A economia da China se recuperou em 2021, registrando a maior taxa de crescimento em uma década, mas o resultado do 4º trimestre do ano mostrou desaceleração frente ao 3º trimestre, de acordo com os dados da Agência Nacional de Estatísticas divulgados nesta segunda-feira (17)

O Produto Interno Bruto (PIB) da segunda maior economia do mundo cresceu 8,1% em 2021, a maior expansão desde 2011. O resultado ficou bem acima da meta do governo de "acima de 6%" e do crescimento de 2020, que foi revisado para de 2,2% – taxa mais fraca em 44 anos.

A forte expansão em 2021 foi impulsionadas por exportações robustas. A China é o maior parceiro comercial do Brasil e registrou superávit comercial recorde no ano passado.

No 4º trimestre, a expansão em ritmo anual foi de 4%, após uma alta de 4,9% no 3º trimestre, em meio a sinais de enfraquecimento do consumo e de desaceleração do setor imobiliário. O resultado veio acima do esperado mas ainda no ritmo mais fraco desde o 2º trimestre de 2020.

Desempenho trimestral do PIB da China — Foto: Economia g1
Desempenho trimestral do PIB da China — Foto: Economia g1

Frente aos 3 meses anteriores, o PIB cresceu 1,6% no 4º trimestre, ante expectativas de um aumento de 1,1% e após uma expansão de 0,7% no 3º trimestre, mostraram os dados oficias pouco depois de o banco central agir para impulsionar a economia com um corte na taxa de empréstimo pela primeira vez desde o início de 2020.

"No momento, a pressão de baixa sobre a economia da China ainda é relativamente grande, e o crescimento do emprego e da renda é limitado", disse Ning Jizhe, chefe da agência, segundo informou a agência Reuters.

Corte na taxa de empréstimo

A economia da China começou 2022 com força, mas economistas projetam que o crescimento vai desacelerar nos próximos meses.

O banco central cortou inesperadamente os custos de seus empréstimos de médio prazo pela primeira vez desde abril de 2020, levando alguns analistas a esperar mais afrouxamento da política monetária este ano para proteção contra o crescente risco de calote das incorporadoras.

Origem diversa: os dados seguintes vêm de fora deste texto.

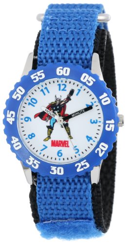 -. Binding : Watch -. Brand : Marvel -. Color : White -. Department : boys -. EAN : 0843231060531 -. Feature : Round Time Teacher Stainless Steel Watch with Marvel's Thor character on dial. / Meets or exceeds all US Govt requirements and regulations for Children's watches. / Recommended for Ages 3-7 years old. Includes a Time Teacher Punch Out clock for Parents to Teach their Children. / Accurate Japanese Quartz movement, scratch resistant mineral crystal, hook and loop Nylon strap / Water Resistant to 99 feet: withstands rain and splashes of water, but not showering or submersion. / 1 Year Limited Manufacturers Warranty -. Label : Marvel Comics -. Manufacturer : Marvel Comics -. Model : W000130 -. MPN : W000130 -. NumberOfItems : 1 -. PackageQuantity : 1 -. PartNumber : W000130 -. ProductGroup : Watch -. ProductTypeName : WATCH -. Publisher : Marvel Comics -. SKU : B005OVI3TU -. Studio : Marvel Comics -. Title : Marvel Kids' W000130 Thor Stainless Steel Time Teacher Watch -. UPC : 843231060531

O Banco do Povo da China informou que vai reduzir a taxa de juros sobre 700 bilhões de iuanes (US$ 110,19 bilhões) em empréstimos de seu instrumento de médio prazo de um ano (MLF, na sigla em inglês) para algumas instituições financeiras em 10 pontos básicos, de 2,95% para 2,85%.

"Esperamos que o suporte impeça o crescimento de cair abaixo de 5% de forma significativa em 2022. Isso inclui o corte do MLF (instrumento de empréstimo de médio prazo) hoje. De forma mais geral, projetamos fortes gastos com infraestrutura, crescimento robusto do crédito e suporte para o setor imobiliário este ano", disse Louis Kuijs, chefe de economia da Ásia da Oxford Economics.

O presidente da China, Xi Jinping, afirmou nesta segunda-feira que seu país está totalmente confiante em relação a seu desenvolvimento econômico e que a força geral da economia é sólida.

A China continuará com reformas e sua abertura, acrescentou Xi durante discurso na conferência virtual Davos Agenda do Fórum Econômico Mundial. O evento anual acontece online novamente devido à pandemia de coronavírus.